Comments for Workshop: 

  • Claims: The layout of dartmouth’s green promotes good public discourse and increases probability of contact. The green fulfills the requirements of s “good space”. The inward facing benches and crossing gravel paths are primarily responsible for this contact. Structure: The layout of text interspersed with pictures makes for easy reading and references to the images. Evidence: The strongest evidence for your claims is the photographic evidence showing the design of the green. The most effective imagine is the aerial view of the green that shows all of the gravel pathways criss-crossing. From this it is easy to see how they promote random contact and public discourse.
    Patrick O’Neill, Nov 3 at 9:48pm
  • Abigail Cameron: “I really enjoyed reading the website, and I liked the linking of your piece to the claims that we spoke about in class.2. Claim about the green being a space to initiate conversation is great. I’m looking forward to seeing how the use of a poll will add to this website (and i think it will as it will only strengthen your piece)
    3. I thought the structure was well utilized, as there was white space on either side, and an interspersion of words with images (which made it feel like there wasn’t too many words).
    4.Evidence: I think the use of a poll or interviews, or whatever method of data collection will be beneficial in increasing the validity of the piece. Otherwise, your explanation of the green being a communal space also provides evidence for its integral part of the Dartmouth society.”

Reflection from Workshop Draft/Goals for Next Draft:

  1. Concerns/Question for this Project:

Can I use videos already made about the space?

How do we cite photos/videos used?

Are captions for each photo beneficial

Aligning Help

The points that I make about the Green relate to claims made in the Fleming reading, so would it be advisable to write analysis or include information about each claim from the reading after each claim that I make?

I have yet to include my interview, but I plan to include a survey students’ experiences on the Dartmouth College Green; i.e. “the frequency that they walk through the green a day” “how connected do you feel to the school/alum through events on the green?

 

  1. Claim:

The Green at Dartmouth College is a good space that initiates conversation, allows for publicity and connects the students of Dartmouth with the extended public and alumnus communities.

 

  1. Structure:

My structure closely considers balance, white spaces, and a centered alignment.  

  1. Evidence:

My page will include more valid evidence when my interviewing process is complete, as well as when proper citation is used for my photos and videos.

  1. Graphic Design:

My media is located all on one page, but perhaps with home or end page my piece might be structure a little better. Various shades of green, black and white are the contrasting colors of my piece. I currently include: pictures, text, a voice tour, symbols, and a video.

  1. Revision Plans:

I aspire to have a more aligned and attractive draft. I plan on fixing citation to give due credit to my borrowed pieces’ owners. By adding more symbols in the next draft, I hope to make the spacing less forced, and more attractive. Once my poll is complete, I plan on creating graphs to understand the common experience on the green.

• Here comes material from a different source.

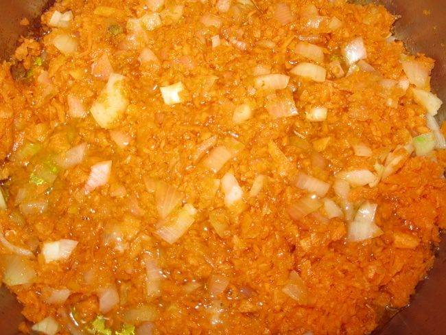 В сковороду положить морковь, лук и чеснок, жарить 3-5 минут. -

Comments from Conference Draft: 

Hi Gabbie! Thanks for your work on the website. I enjoyed reading (and listening) to your account of the Green. You have a handful of compelling interpretive claims emerging, and most of those are clearly connected to your encounter with the Fleming piece. I was impressed with some of your layout decisions in this draft, and I look forward to seeing you refine this as you move into the final revision stages.

Some comments for you:

Overall Site Design:

  • Re-name your site!
  • Some really neat use of design features: the giant G, the triangles for section breaks; mimicking the author/date/tag system of the 99 p.i. Blog.
  • Right now, the project is really one page + a supporting archive of information. A single-page site is OK, but you have other options.
  • Using section titles to clarify the logical distinction between sub-claims can make your site much easier for users to navigate (page titles can work the same way if you break this up into multiple pages).

Incorporation of visual/aural content:

  • You pair images with related text content. Nice job! The first image on the home page is a great example of this.
  • Your audio tour was among the most polished and effective documents in the class (despite some minor issues with sound quality). In the current page, the audio tour serves the purpose of–i think–summarizing the diverse uses of the space, and aligning that diverse use with a couple of key principles: connections between users & creating a sense of community. I think you likely need to find a way to integrate those purposes with the rest of the page. The tour simply resides in the middle of the page, without any text headings or written content to help users predict what it’s about. I think you’ll need to integrate that more fully.
  • Be sure to cite/caption images and include both a descriptive and source-defining element in the caption (e.g. The Green viewed from the South | photo by Gabrielle Hunter, 2016)

Purpose/Argument/Motive:

  • You offer a really clear argument about the space at the top of the home page. A good place to start!
  • Can you find a way to set up a clearer motive mechanism? A tension or problem/question? Is your purpose simply to expose your readers to Fleming’s model using the Green as an example?

Claims:

  • Some clear claims emerging in your paragraphs;
    • The design of the walkways and the landscape promotes idiosyncratic use among users, which promotes unexpected, informal encounters.
    • The Green is a crossroads between buildings with different functions within the institution.
    • The green promotes shared identity (via rituals like homecoming).
    • Minimal benches create a kind of community publicity (sounds like Fleming).
    • Events draw the Dartmouth community into dialogue with the broader Upper Valley populace.

Odds & Ends:

  • You have some interesting material to work with from the interview and the survey. Rather than hosting the entire survey & interview results, I think you should mobilize those details when you are advancing claims. Marshal the evidence to support claims right when you make the claims
  • You likely want to give Fleming more time/space. Your audience doesn’t know anything about him or the argument of his article.

 

Final Draft: PAGE 1

Good spaces initiate good public discourse on smaller and larger scales.  A good public space also serves its locale.  Author David Fleming asserts that “good space” and “good civic discourse” bare a dependent relationship. He perpetuates the notion that good cities and all of their respective parts initiate this discourse.  Can the same notion be applied on smaller scales such as college campuses?  The answer is yes. In fact, it already does. From such a perspective, The Green at Dartmouth College is a good space, in fact,  it is a great space.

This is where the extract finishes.